Intermediate Aggregate Functions
1. Intermediate Aggregate Functions
In this video we’re going to go a step further than the standard aggregation functions and focus on Snowflake’s grouping extensions: GROUPING SETS, ROLLUP, and CUBE.2. Order of Operations
SQL doesn't run in the order you write it. It starts by building the dataset: FROM, JOIN, then WHERE to filter rows. Then it groups and aggregates with GROUP BY and HAVING. Finally it shapes the output with SELECT, ORDER BY, and LIMIT. The key thing to remember: WHERE runs before GROUP BY, so if you want to filter on an aggregation, you need HAVING, not WHERE.3. Common Aggregate Functions
You probably recognize these common aggregate functions: COUNT, SUM, AVG, MIN, and MAX. One worth highlighting is COUNT with DISTINCT. COUNT star counts every row; COUNT DISTINCT counts only the unique values in a column. Here, that gives Harbr both the total number of shipments and the number of distinct carriers involved - two different questions answered in one query. The challenge with aggregate functions isn't computing a single aggregation - it's computing several levels at once without duplicating your query.4. The Problem with Multiple Queries
Let’s walk through the example. To get warehouse totals, region sub_totals and grand totals you have to write three different queries. You could UNION ALL them together, but now the same logic lives in three places, and any schema change means updating all three. GROUPING SETS solves this in a single query.5. GROUPING SETS
GROUPING SETS lets you define exactly which summaries you want to calculate. The first set is region and warehouse_name which gives you the detailed breakdown. The second which is a region on its own which gives you the regional subtotals, and the empty set gives you the grand total. Now if we look at the output, whenever you see NULL it doesn’t mean missing data but that the column has been aggregated. So EMEA with a NULL warehouse is a regional total, and when both columns are NULL that’s your grand total. It's important to note if we want to add more meaning outside of NULL, we would need to implement a CASE statement.6. ROLLUP
Next we’ll cover ROLLUP which is a shorthand for a pattern of GROUPING SETS. With two columns, ROLLUP produces three grouping levels automatically with both columns together, the first column alone, and the grand total. The output looks identical to the GROUPING SETS example. ROLLUP is just a more concise way to express a top-down hierarchy. Add a third dimension and ROLLUP keeps rolling up through every level. It's the right choice when your grouping columns have a natural parent-child relationship and want to analyze hierarchical data.7. CUBE
CUBE goes further than ROLLUP. It computes every possible combination of the specified dimensions, including ones that ROLLUP skips. Notice the rows where region is NULL but warehouse_name has a value. Those are warehouse-level totals across all regions. ROLLUP doesn't produce those as it only moves up a fixed hierarchy whereas CUBE produces all combinations. With two dimensions that's four grouping sets; with three dimensions it's eight. You should use CUBE when your reporting needs subtotals in every direction, where you analyze data across independent axes.8. GROUPING() and GROUPING_ID()

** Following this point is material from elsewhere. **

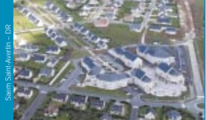
Saem Saint-Avertin

Comme chaque année depuis 1991, la Fnsem organise le concours des Sem d'or qui vise à mettre en valeur la performance des Sem au service des collectivités locales dans leurs trois secteurs d'activités.

NULL in grouped results is ambiguous — is it a missing value, or a subtotal? GROUPING clears that up. It returns 1 when a column has been aggregated away, and 0 when it's a real value. GROUPING_ID is an alias of GROUPING — they are essentially the same function. But the way you use them differs. When you pass GROUPING a single column, you get one flag back. GROUPING_ID becomes useful when you pass in multiple columns as it combines those individual GROUPING flags into a single number, giving each aggregation level a unique identifier. In the output, 0 means full detail, 1 means warehouse is aggregated, and 3 means both region and warehouse are aggregated away so that's your grand total row. This makes it easy for downstream tools to tell summary rows apart from detail rows, without having to parse NULLs and guess at whether they're meaningful or structural.9. Let's practice!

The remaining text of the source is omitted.